Dr. Lachter’s scholarly work explores how medieval Jewish-Christian debates, as well as disruptive moments of violence and forced conversion, shaped Jewish mystical literature. He is the author of Kabbalistic Revolution: Reimagining Judaism in Medieval Spain (Rutgers University Press 2014). His lecture will explore what kabbalistic texts can teach us about how Jews understood Jewish history—especially moments of crisis and setback—and how Kabbalah served as a form of resistance literature for many pre-modern Jews.

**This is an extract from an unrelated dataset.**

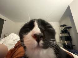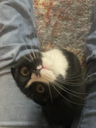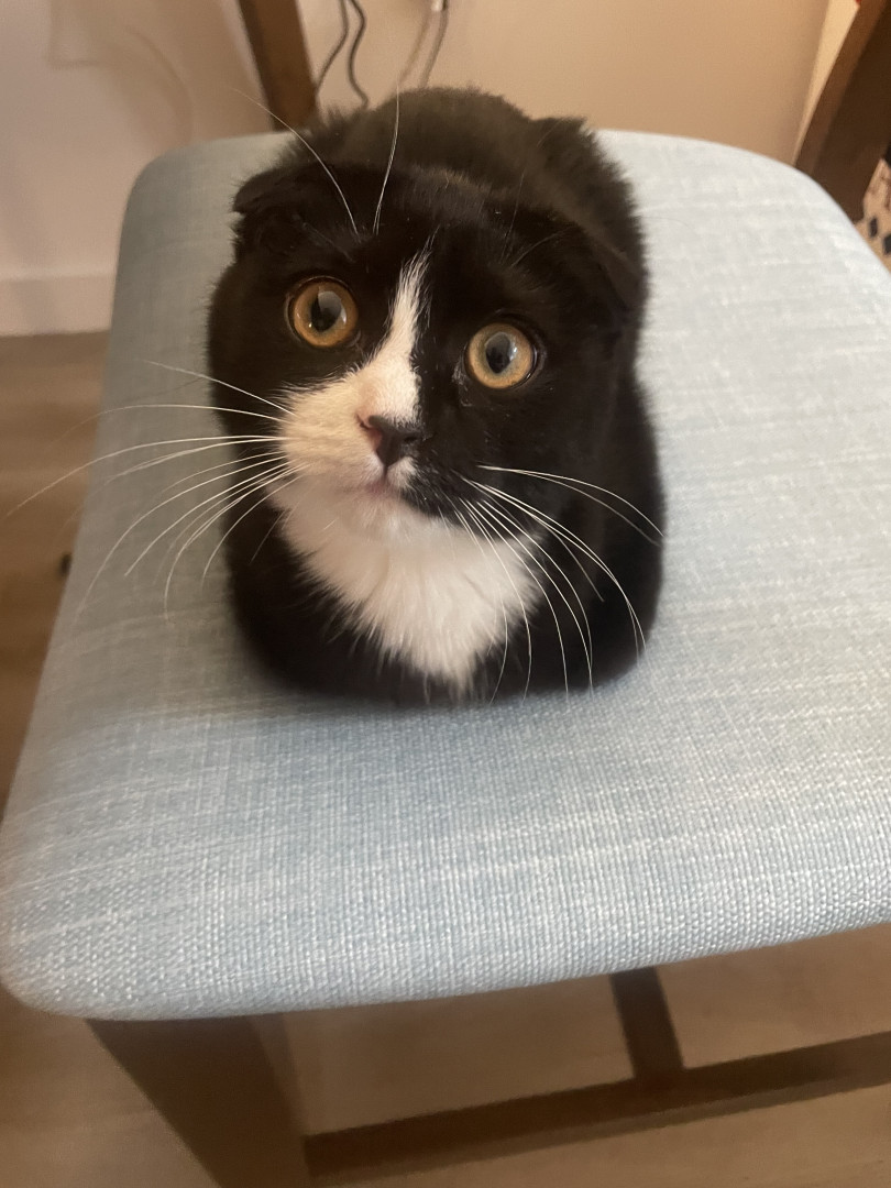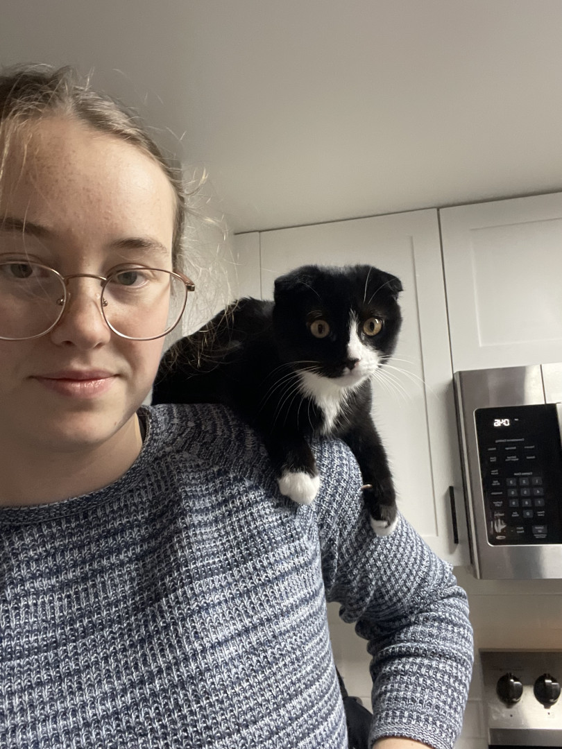 Physically, her ears! She is part scottish fold. Personality wise, she has a really fun raspy meow, and she loves to play!

Dr. Jessica Cooperman, March 18
As we approach and prepare for Pesah, Dr. Jessica Cooperman, Associate Professor of Religion Studies and Director of Jewish Studies at Muhlenberg College, whose scholarship focuses on 20th-century American Judaism and Jewish culture, and on connections between religion and state policy, will give a lecture entitled Passover Seders and Jewish-Christian Engagement in Postwar America. Passover is often described as the quintessential American Jewish holiday, celebrated by more American Jews than any other religious ritual. Since the mid-20th century, however, seders have also been reinterpreted as auspicious sites for Jewish-Christian engagement. While early modern European Christian writing about Jews often depicted the seder as a mysterious, secretive Jewish domestic ritual with sinister associations with murder and blood libel, contemporary American engagements with Passover have radically altered this depiction. The seder has been moved out of an exclusively Jewish realm and reconceived as an opportunity for genuine connection between Jews and Christians through the celebration of a ritual that an increasing number of Christians have come to regard as an important part of their own heritage.

Dr. Cooperman’s book, Making Judaism Safe for America: World War I and the Origins of Religious Pluralism (NYU Press 2018), received an honorable mention for the bi-annual Saul Viener Book Prize in American Jewish History. Her current research explores sites of Jewish- Christian dialogue and engagement in the post-World War II period. This lecture will examine some of the ways American Jews and Christians have reimagined their engagement with the Passover seder, both together and separately, and consider how Jewish texts and practices associated with Passover have been reinterpreted in order to serve new purposes and communities. An exploration of these different approaches to the seder will offer us a window into the multiple and shifting dynamics of Jewish-Christian relations in the post-World War II United States.